In this article, we will once again be running random simulations. We will use a 1:2 risk:reward ratio. Entries will be random based on the target number of trades (500,1500,5000). The strategy will set a profit target 3 *ATR(14) above the closing price and a stop loss 1.5 * ATR(14) below the closing price. The strategy will exit when the first target is hit or end of the day. Whichever comes first. After 100 random simulations we will then average all of the results and produce targets like we did in this article: Testing Setup
Baseline Results for 5,000 trades (Long):
Percent Profitable: 34.18%
Expected Return: -$29,377
Target Percent: 36.86%
Target Return: +$38,493
Baseline Results for 1,500 trades (Long):
Percent Profitable: 34.37%
Expected Return: -$8,587
Target Percent: 40.79%
Target Return: +$36,331
Baseline Results for 500 trades (Long):
Percent Profitable: 34.73%
Expected Return: -$1,886
Target Percent: 45.54%
Target Return: +$26,455
Now we will perform the same simulations to determine the bias for short trades. We are still using a 1:2 risk/reward ratio.

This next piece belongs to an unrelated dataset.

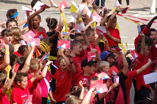 The event was jointly hosted by volunteer teachers dispatched by the Confucius Institute of Toulouse and Ms. Bobot, Principal of the High School. The performance was opened by dances rehearsed for long by the students of the kindergarten and primary school grade by grade. All dances were selected based on Chinese culture and Chinese elements. “The Little Swallow”, “Dragon”, “Yin and Yang” performed by the kindergarten students; “Panda Babies”, “Prince and Princess”, “Flying Butterflies”, “Descendants of the Dragon”, “Martial Arts Fighting” by students of the primary school department not only showcased the long-standing and profound Chinese culture, but also conveyed the vigorous and positive spiritual attitude of modern China. Then, students sang Chinese songs. At last, all teachers and students sang “Le Drapeau” (meaning the same flag) while waving flags of the two countries.

Baseline Results for 5,000 trades (Short):
Percent Profitable: 32.23%
Expected Return: -$34,763
Target Percent: 34.8%
Target Return: +$33,439
Baseline Results for 1,500 trades (Short):
Percent Profitable: 31.98%
Expected Return: -$11,147
Target Percent: 37.69%
Target Return: +$32,599
Baseline Results for 500 trades (Short):
Percent Profitable: 31.58%
Expected Return: -$4,478
Target Percent: 40.94%
Target Return: +$21,362
Based on these results it is very clear that using a 1:2 risk/reward ratio requires a great entry. I believe the random entries fared so poorly due to all of the noise in the markets. This should serve as a good indicator when comparing edges.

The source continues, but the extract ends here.